I would like to thank the editor for the opportunity to review this exceptional manuscript and congratulate the authors on this impressive work. I'm sure this paper will gain the attention of the journal's readers.

Minor, marginal suggestions:

-          Maybe not common in social sciences, however, I`d strongly suggest spelling the scientific name of the reindeer when first mention it in the main text (please spell it in Italics!)

-          Graphical abstract: some of the labels are almost impossible to read, because this graphical abstract is just a fusion of graphical elements presented in the paper – suggest to remove labels / simplify the graphics to be used as part of the graphical abstract

-          I`d suggest a few words about the fact that the reindeer has (at least partly) been influenced by the process of domestication – would appreciate a few thoughts about the implications of this domestication effects in view of adapting to changing environments…

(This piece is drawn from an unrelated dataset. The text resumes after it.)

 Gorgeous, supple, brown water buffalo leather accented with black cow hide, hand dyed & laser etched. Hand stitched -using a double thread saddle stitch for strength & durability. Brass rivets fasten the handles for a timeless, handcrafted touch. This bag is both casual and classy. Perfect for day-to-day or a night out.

-          Figure1: Kindly note that each map should contain a North arrow and a scale bar…

Author Response

Dear Reviewer,
it is hard to overstate how pleased we were to get such a complimentary review of our work. It is even more rewarding for our team, since for the three of us (Yana, Tatiana and myself) it is the first manuscript to be submitted to an international open-access journal. It is also a result of over three years of fieldwork, discussions and collaborations with informants and artists who provided wonderful illustrations and video content.

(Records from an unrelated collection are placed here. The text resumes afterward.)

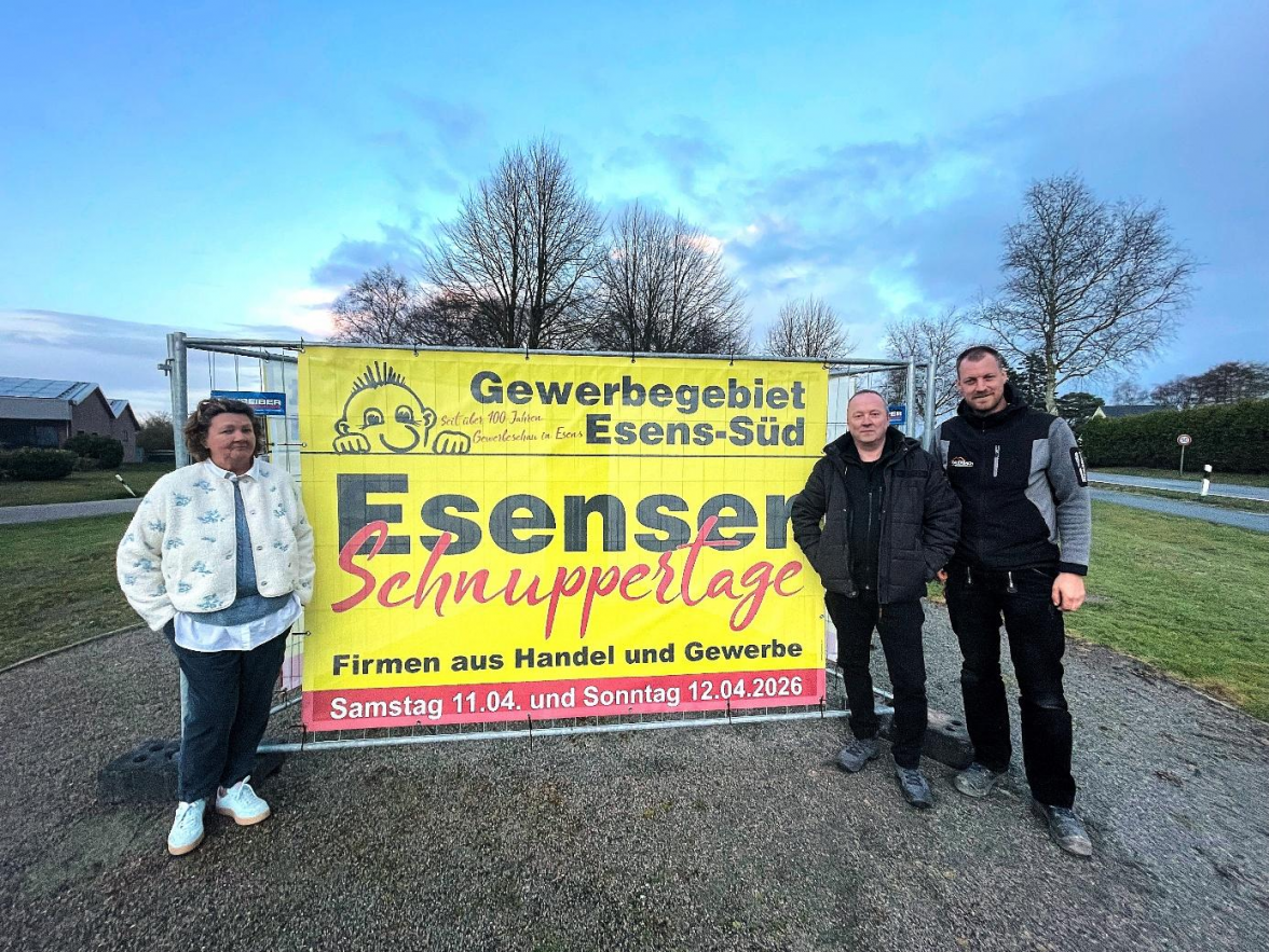Esens Der Himmel zieht sich leicht zu, als Marion Janßen, Marco Fauerbach und Stefan Steinberg für ein Gruppenfoto vor dem Banner der diesjährigen „Schnuppertage“ Aufstellung nehmen. Trotz der ungemütlichen Witterung freuen sich die Kassenwartin, der Vorsitzende sowie der zweite Vorsitzende der IG Gewerbegebiet Esens-Süd, erneut zur Gewerbeschau in der Bärenstadt einladen zu können.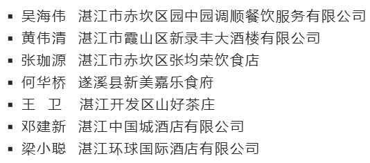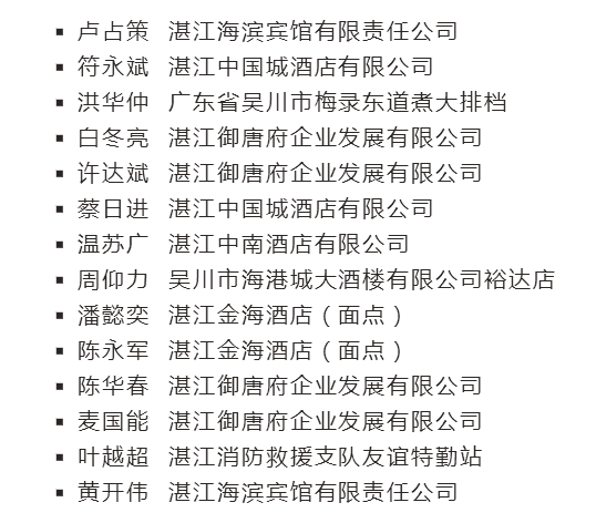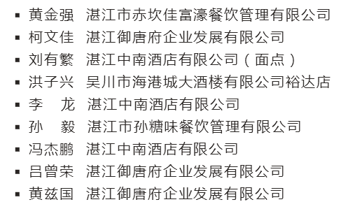 广东省三星级“粤菜师傅”(7人) 广东省二星级“粤菜师傅”(14人) 广东省一星级“粤菜师傅”(9人)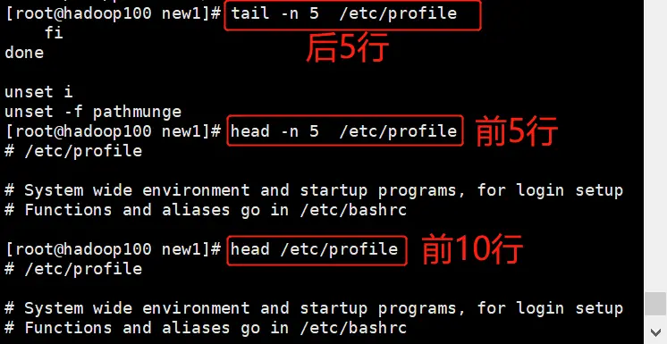 head/tail -n 行数 文件(显示文件头部/尾部指定行数)

We’ve attentively considered all the points you’ve made in the review and made necessary edits in the graphical part (abstract and map), as well as added Latin names of reindeer (Rangifer tarandus), herring (Clupea harengus), atlantic salmon (Salmo salar), humpback salmon (Oncorhynchus gorbuscha) and saffron cod (Eleginus navaga) as keystone species for reindeer herding and fishing in the White Sea. Regarding the effects of domestication of reindeer, however, we have decided not to include it into the scope of our revision, at least at this stage. The reason for us to keep this suggestion unanswered is that we had to rewrite our manuscript substantially to address the points made by our second reviewer. His/her critique was mostly aimed at lack of quantitative economic data necessary to evaluate the socioeconomic aspect of resilience of fishing and reindeer husbandry. While our research was designed as qualitative, rather than quantitative, from the start and we didn't intend to focus on more conventional analysis of economic issues, these criticisms were quite valid and had to be addressed. Thus, the new version of our manuscript has more emphasis on socioeconomic aspects of reindeer herding and fishing that we have added in the relevant Case study sections, and we thought that delving into the matters of domestication of reindeer and its environmental consequences on top of it would make our manuscript lengthy and stretched over too many subjects without proper justification. However, the issue of domestication is definitely interesting, especially in terms of actor-network theory, and we hope to be able to do it justice in our further research.
Again, I, on behalf of our whole team, would like to express our gratitude for the inspiration that your kind review gave us. We can only hope that our other readers will appreciate our work as well.
Yours sincerely,
Arsenii Konnov on behalf of all authors

Round 2

Reviewer 1 Report

Dear authors! You have done a great job of collecting and processing experimental data. And if you position the article as a sociological one, then it is a complete study with a sound methodological base, results and conclusions. But you tried to move into the field of economic studies. And for this, the chosen research apparatus is not sufficient for this. It does not ensure the reliability of the results obtained. So the sociology part of the research is great, the economic part is very naive.